◆ **Requirement**: Look below for the line containing "Maha public service" and the line containing "Organizing jigsaws in"; repeat exactly those two lines and all lines between them, and nothing else.

◆ **Material for this task**:
################
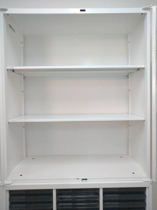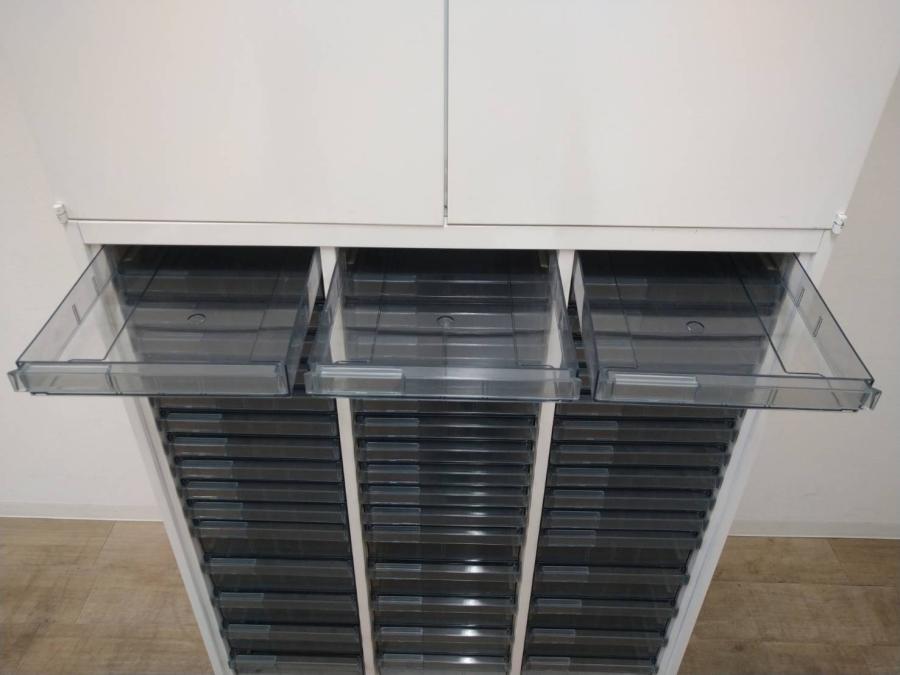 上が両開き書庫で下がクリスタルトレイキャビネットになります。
################
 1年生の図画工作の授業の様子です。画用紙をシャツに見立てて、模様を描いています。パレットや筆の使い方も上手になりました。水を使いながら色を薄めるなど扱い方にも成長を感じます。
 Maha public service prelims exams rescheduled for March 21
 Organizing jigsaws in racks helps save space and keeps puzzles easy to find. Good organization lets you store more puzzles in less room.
################
◆ **Answer space**:
 Maha public service prelims exams rescheduled for March 21
 Organizing jigsaws in racks helps save space and keeps puzzles easy to find. Good organization lets you store more puzzles in less room.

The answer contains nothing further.